For this exercise, write out the full listing that follows exactly and skip its pictures.
(Given material)
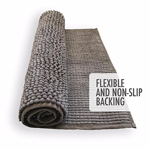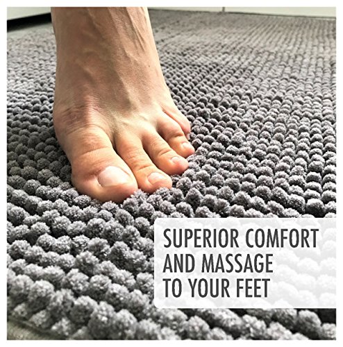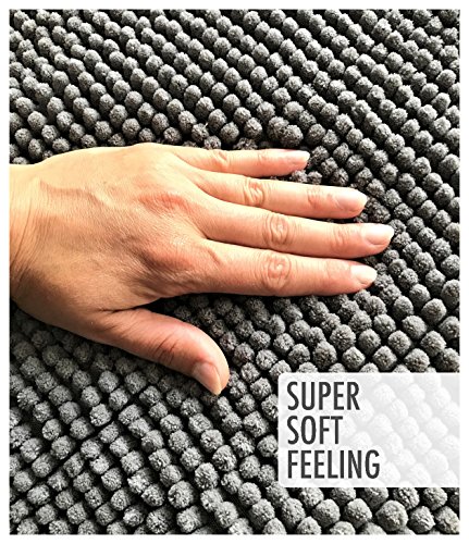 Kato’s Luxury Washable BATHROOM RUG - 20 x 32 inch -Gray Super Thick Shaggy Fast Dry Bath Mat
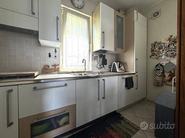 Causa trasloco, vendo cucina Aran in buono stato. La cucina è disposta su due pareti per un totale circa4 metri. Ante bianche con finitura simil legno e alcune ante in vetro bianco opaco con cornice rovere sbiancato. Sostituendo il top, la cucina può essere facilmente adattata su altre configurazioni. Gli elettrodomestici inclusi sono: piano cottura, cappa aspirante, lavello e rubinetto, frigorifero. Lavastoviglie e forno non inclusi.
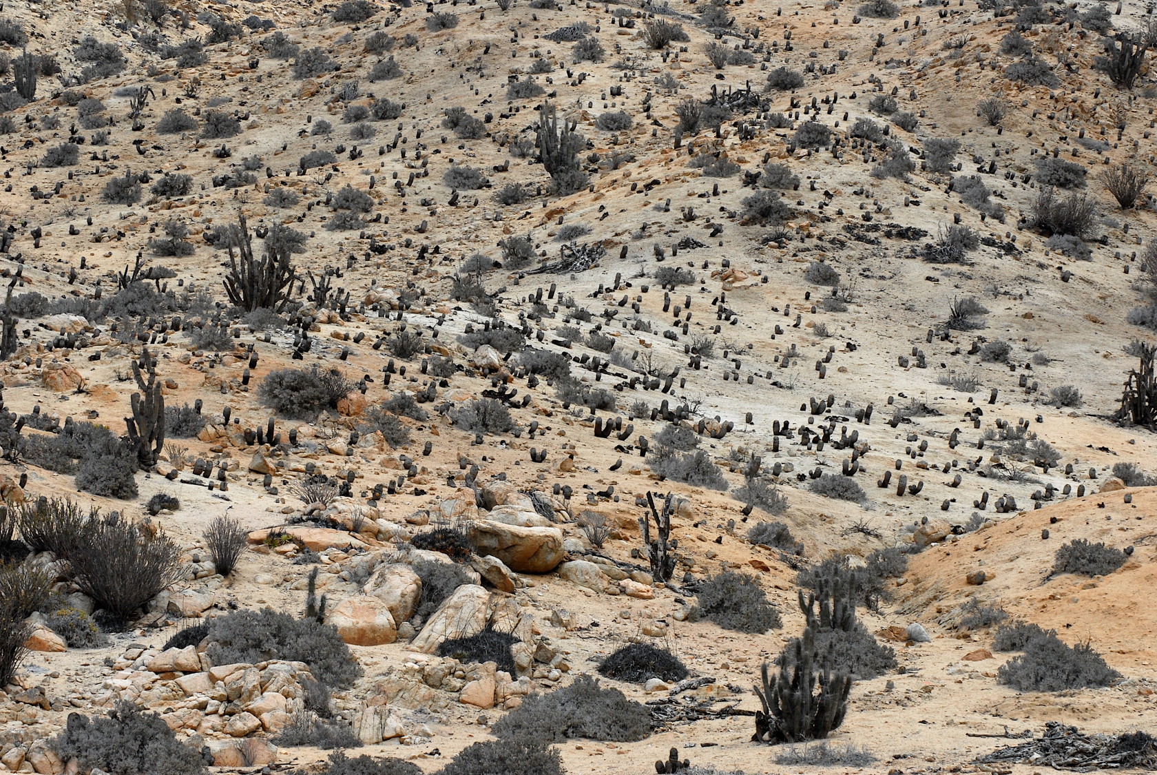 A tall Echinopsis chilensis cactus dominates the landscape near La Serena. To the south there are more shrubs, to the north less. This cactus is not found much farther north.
(End Given material)
- **Task solution**
 Kato’s Luxury Washable BATHROOM RUG - 20 x 32 inch -Gray Super Thick Shaggy Fast Dry Bath Mat
 Causa trasloco, vendo cucina Aran in buono stato. La cucina è disposta su due pareti per un totale circa4 metri. Ante bianche con finitura simil legno e alcune ante in vetro bianco opaco con cornice rovere sbiancato. Sostituendo il top, la cucina può essere facilmente adattata su altre configurazioni. Gli elettrodomestici inclusi sono: piano cottura, cappa aspirante, lavello e rubinetto, frigorifero. Lavastoviglie e forno non inclusi.
 A tall Echinopsis chilensis cactus dominates the landscape near La Serena. To the south there are more shrubs, to the north less. This cactus is not found much farther north.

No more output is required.